Suburban Spotlight: Jason Heads To Plymouth
PLYMOUTH, Minn. (WCCO) -- We love our cities and we love getting a chance to meet the interesting people and visit the cool places in our suburbs too.
This week in our Suburban Spotlight series, Mike Augustyniak went to Inver Grove Heights, Jamie Yuccas checked out Eden Prairie and Natalie Nyhus headed east to Grant. To finish up the series, Jason DeRusha was no stranger to where his dart landed: Plymouth.
The suburb just west of Interstate 394 is the third-largest in the Twin Cities with nearly 73,000 people living there. There are four school districts: Wayzata High School is in Plymouth. There's also Osseo Schools, Robbinsdale and Hopkins.
One of the more famous athletes to come from Plymouth is former Gophers start running back Marion Barber III, who grew up in Plymouth, attended Wayzata and played in the NFL.
But we start our tour of Plymouth at the original Town Hall.

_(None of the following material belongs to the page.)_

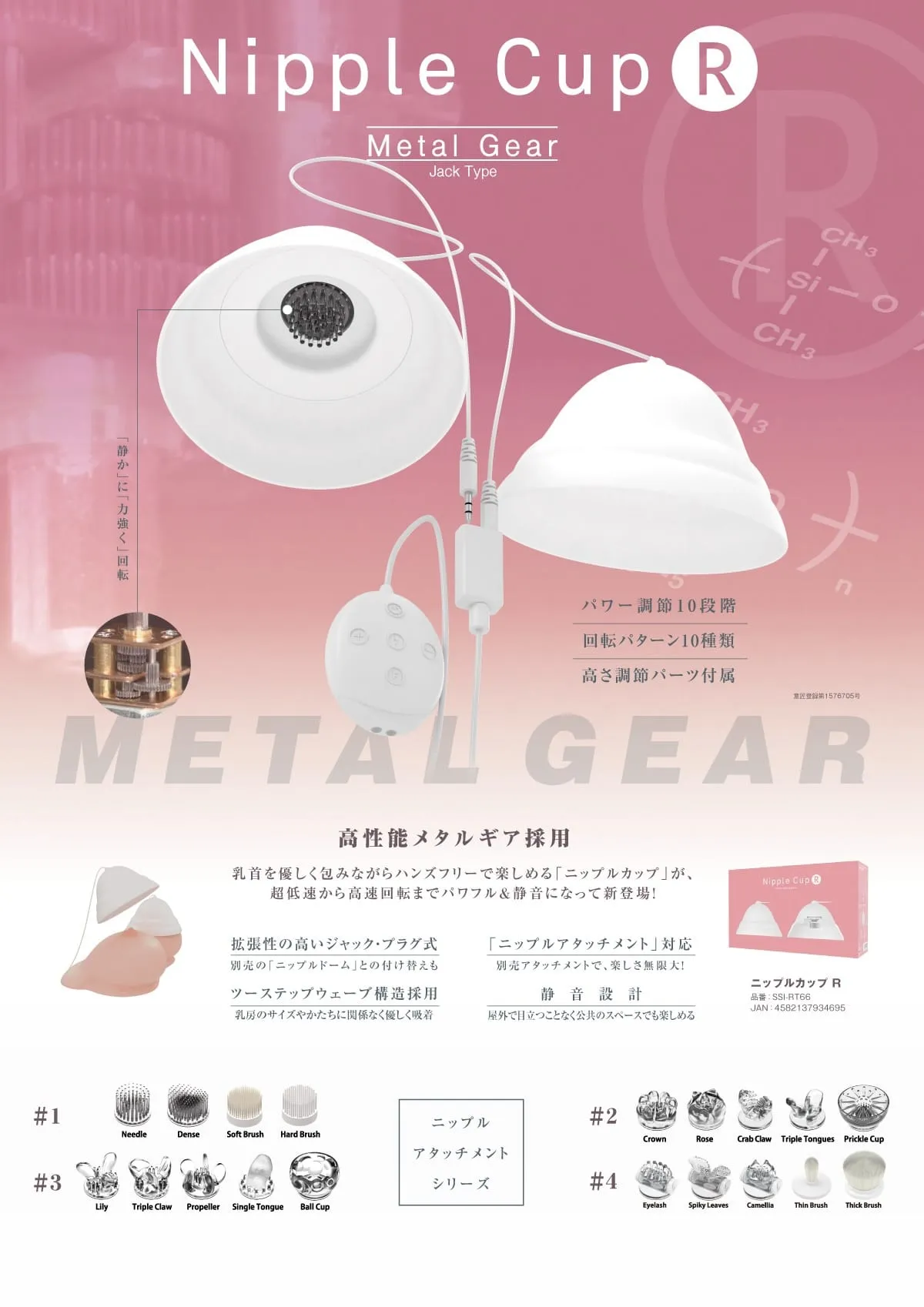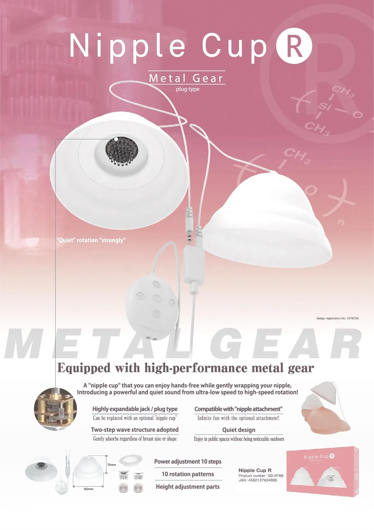 「金属齿轮」搭载!Nipple Cup 【R】登场! 改良的第二代更静音,更强劲的旋转不止!机能大幅上升! ① 旋转涡轮模式,随时提供最强最快的旋转刺激感。 ② 乳头杯与胸部皮肤之间连接部分为矽胶材料,男女适用,完美贴合所有胸形。 ③ 柔软的矽胶按摩配件全方位刺激乳晕,乳头与乳房。多种不同配件造型提供不一样的体验。 ④ 10级功率及10种选择模式,100种前戏调情组合,快慢任您在遥控器上调校。 ⑤ 再次升级加强了静音设计,穿戴在内衣内也能感受一把户外刺激体验。 受到各种媒体的报导和追捧的人気Nipple Cup ! 轻轻包裹乳房的曲线非常适合任何胸围,在男性和女性用家中都很受欢迎,实现更宁静更缓慢而且更强大的乳头刺激,刺激部件即使深深地压在乳头上,也不会阻碍转动。特别增强的静音设计更是令我们引以为傲,您可以在深夜享用亦完全不怕打扰他人。穿上了衣服,在户外或室内都不容被他人察觉,可以安心使用! 搭载10种旋转速度 x 10种旋转模式,共100种速度和模式的旋转组合让你每次使用都能保持新鲜感。另外,还有一个「Turbo Mode – 涡轮加速模式」,可随时提供最强和最快的旋转模式,一键将快感推至顶峰! 由于是插孔类型,因此电线不会缠绕在一起,非常便于充电和存放。另外还有数十种乳头附件可以替换(另售),每种都是截然不同的刺激感,替换一个附件感觉就是另一个新商品。 基于人体工学,多年研发优美的曲线(成波浪型)、2重波段设计,不论任何胸型都可以吸着,可以随意地装著的自然性设计,不分男女都可以使用!胸杯内部转动部份经过静音设计,转动头是磁力交替式,更换时更灵活方便!胸杯跟控制器使用了扩充性高的Jack PLUG,容易于管理及携带,日后有新功能或转用其他型号更为方便! 全部操作都是控制器上,10阶段速度调节,于不同时段提供不同快感,还提供 Turbo Mode 使快感绝对提升!付属品乳头跟接触头可上下调节(2阶段),任何胸型都可以照顾到~!产品都经过轻量化,搭载可回充的锂电池,只需使用付带的磁力USB线即可充电使用!胸杯的材料是使跟身体贴近的物料制造,不会构成过感或不适等问题。 我们非常推荐情侣在前戏时和活塞运动中佩戴使用,仅仅只需要通过遥控器操控瞬间就能增加超多情趣乐趣!产品还附带静音功能,所以您也可以和您的伴侣尝试体验一次户外玩耍。并且也非常适合一人独自使用,享受胸部按摩快感,探索开发自己的敏感区域! ■ 配件:乳头杯 x 2 件、控制器、用于充电的磁铁式 USB 电缆、高度调节部件(低)x 2 个、高度调节部件(高)x 2 个、高度调节环 x 2 个、乳头附件 x 2 个、使用说明书(日语) ■ 机身:杯子尺寸:H125 x W125 x D75mm 控制器:H60 × W45 × D23mm 重量:330g(杯子 x 2 + 控制器) ■ 包装:尺寸:H200 x W335 x D95mm 毛重:680g ■ 材料: 杯身部分:硅胶 ■ SKU:SSI-RT66 ■ EAN:4582137934695 附件:弹性体:食品分析测试[编号18020229001-0101] [Nipple Cup] 是 SSI JAPAN 的注册商标。 注册商标第5692934号 ※ 避免使用矽性润滑液,可以提高商品寿命,我们推廌同品牌的【乳头专用润滑液】,可以超持续湿润近60分钟并提升快感。

Gary Schiebe's great-great-grandfather bought a hotel here in 1872.
"The people of Plymouth didn't like the name Plymouth," Schiebe said.
In 1858, the town council voted to change the name to Medicine Lake, but Schiebe said they never actually made the change.
The Plymouth Playhouse has been around for 40 years and it's in the basement of a hotel off I-394.
Plymouth has a lot of small businesses, like the custom varsity clothing shop run for a decade by Kristin Williams.
"We've done jackets and sweaters for Broadway, TV, film recording artists," Williams said.
Plymouth has six big lakes, including the lake at French Regional Park. And there's the local shop Honey & Mackie's, where they pair ice cream with French fries. Amy Albert and her husband named Honey & Mackie's for their two boys.
"We wanted an ice cream shop in Plymouth because we live near here. And we tried to think of something to put with ice cream that would be warmer for winter, so fries just made sense," Amy said.
They make all the flavors in the shop. Fresh cut the fries every day.